• Exercise
Set down the full listing exactly as given. Any pictures are to be left out.

*** Provided material Section Begins ***

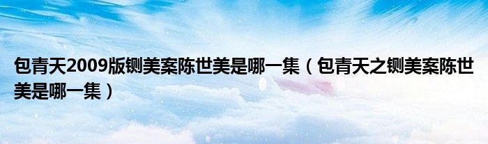 大家好,小生來為大家講解下。包青天2009版鍘美案陳世美是哪一集,包青天之鍘美案陳世美是哪一集很多人還不知道,現(xiàn)在讓我們一起來看看吧!
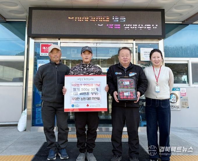 경북팩트뉴스 남유신 기자 | 청송군 안덕면 소재 우와한 농원 허안열 대표가 지역 내 어려운 이웃들을 위해 지난 20일, 직접 재배한 싱싱한 딸기 500g 30팩을 안덕면에 전달했다.
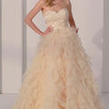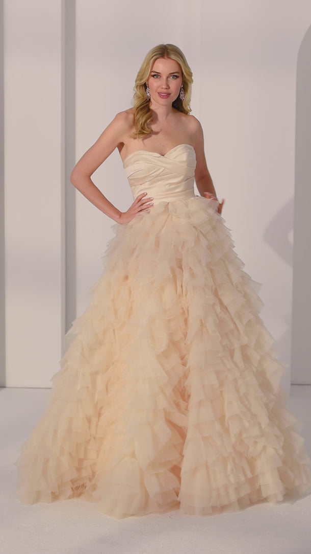Undeniably romantic, this ball gown party dress is designed to leave an impression. A draped satin bodice has an elegant sheen with a strapless sweetheart neckline that creates soft curves. Cascading tiers of organza and tulle create dramatic movement in the ruffled skirt for the perfect balance of elegance and statement energy.

*** Provided material Section Ends ***

• Your solution
 大家好,小生來為大家講解下。包青天2009版鍘美案陳世美是哪一集,包青天之鍘美案陳世美是哪一集很多人還不知道,現(xiàn)在讓我們一起來看看吧!
 경북팩트뉴스 남유신 기자 | 청송군 안덕면 소재 우와한 농원 허안열 대표가 지역 내 어려운 이웃들을 위해 지난 20일, 직접 재배한 싱싱한 딸기 500g 30팩을 안덕면에 전달했다.
Undeniably romantic, this ball gown party dress is designed to leave an impression. A draped satin bodice has an elegant sheen with a strapless sweetheart neckline that creates soft curves. Cascading tiers of organza and tulle create dramatic movement in the ruffled skirt for the perfect balance of elegance and statement energy.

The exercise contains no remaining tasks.